* TO DO
Under this line is some data; print exactly the lines from the one containing "The Glaive is" through its last line, without pictures.

[[ RECORD EXCERPTS, beginning ]]

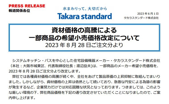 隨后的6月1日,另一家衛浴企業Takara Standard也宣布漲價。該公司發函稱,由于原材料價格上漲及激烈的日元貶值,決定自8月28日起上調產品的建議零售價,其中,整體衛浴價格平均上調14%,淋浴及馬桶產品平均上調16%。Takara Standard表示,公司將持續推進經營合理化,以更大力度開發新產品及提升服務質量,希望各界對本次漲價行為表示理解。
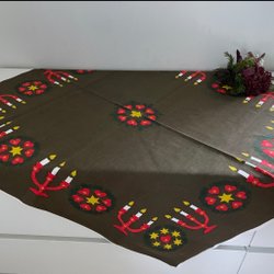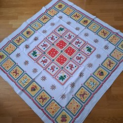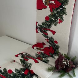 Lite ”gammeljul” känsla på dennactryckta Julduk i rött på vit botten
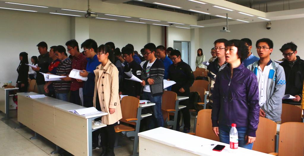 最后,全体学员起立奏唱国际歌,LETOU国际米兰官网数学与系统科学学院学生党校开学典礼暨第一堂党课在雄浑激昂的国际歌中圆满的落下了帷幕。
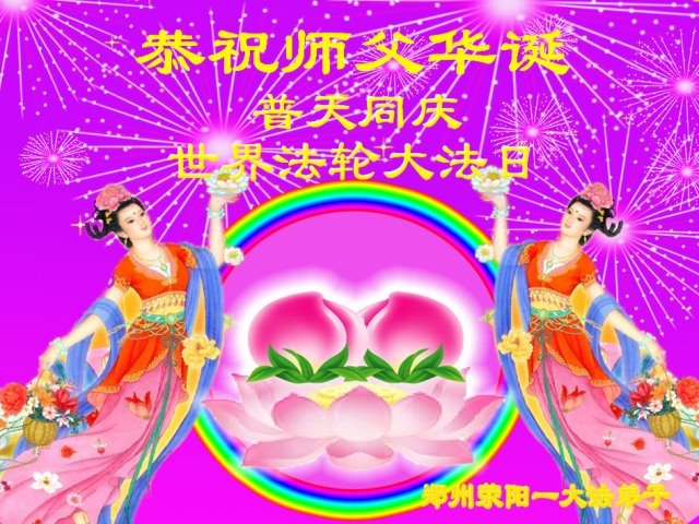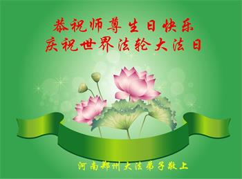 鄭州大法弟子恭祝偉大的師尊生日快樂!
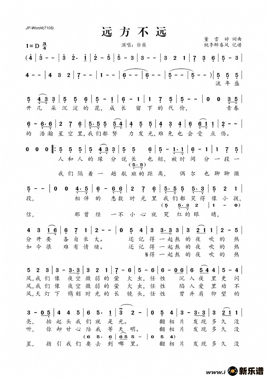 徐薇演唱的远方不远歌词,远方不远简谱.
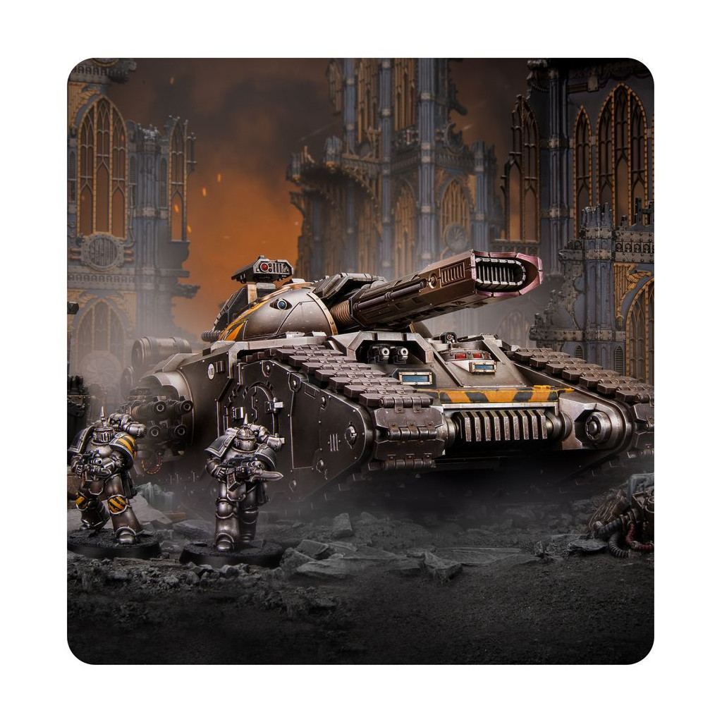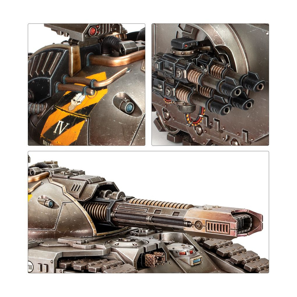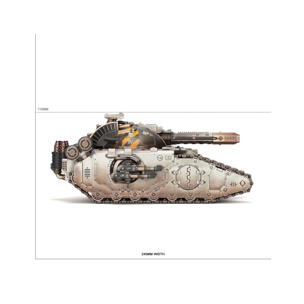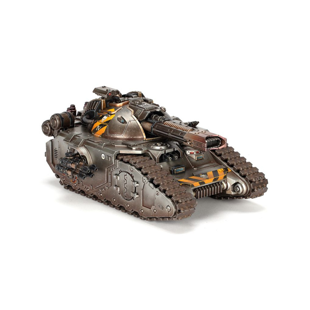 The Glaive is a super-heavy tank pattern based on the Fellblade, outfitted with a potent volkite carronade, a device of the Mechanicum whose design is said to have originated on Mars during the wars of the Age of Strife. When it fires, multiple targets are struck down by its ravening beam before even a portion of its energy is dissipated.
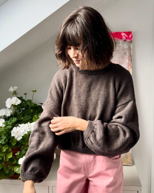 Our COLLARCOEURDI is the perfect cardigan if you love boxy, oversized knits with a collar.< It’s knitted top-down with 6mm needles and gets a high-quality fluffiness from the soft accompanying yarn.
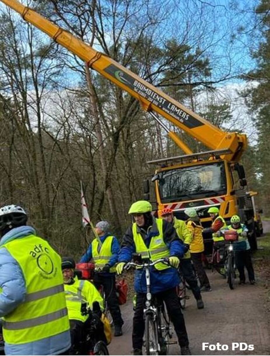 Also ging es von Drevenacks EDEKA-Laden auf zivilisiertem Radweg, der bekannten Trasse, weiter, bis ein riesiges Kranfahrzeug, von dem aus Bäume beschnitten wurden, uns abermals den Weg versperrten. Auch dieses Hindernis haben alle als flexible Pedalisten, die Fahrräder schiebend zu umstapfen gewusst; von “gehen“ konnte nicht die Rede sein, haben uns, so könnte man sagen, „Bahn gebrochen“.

[[ RECORD EXCERPTS, end ]]

* SOLUTION TO THE EXERCISE
 The Glaive is a super-heavy tank pattern based on the Fellblade, outfitted with a potent volkite carronade, a device of the Mechanicum whose design is said to have originated on Mars during the wars of the Age of Strife. When it fires, multiple targets are struck down by its ravening beam before even a portion of its energy is dissipated.
 Our COLLARCOEURDI is the perfect cardigan if you love boxy, oversized knits with a collar.< It’s knitted top-down with 6mm needles and gets a high-quality fluffiness from the soft accompanying yarn.
 Also ging es von Drevenacks EDEKA-Laden auf zivilisiertem Radweg, der bekannten Trasse, weiter, bis ein riesiges Kranfahrzeug, von dem aus Bäume beschnitten wurden, uns abermals den Weg versperrten. Auch dieses Hindernis haben alle als flexible Pedalisten, die Fahrräder schiebend zu umstapfen gewusst; von “gehen“ konnte nicht die Rede sein, haben uns, so könnte man sagen, „Bahn gebrochen“.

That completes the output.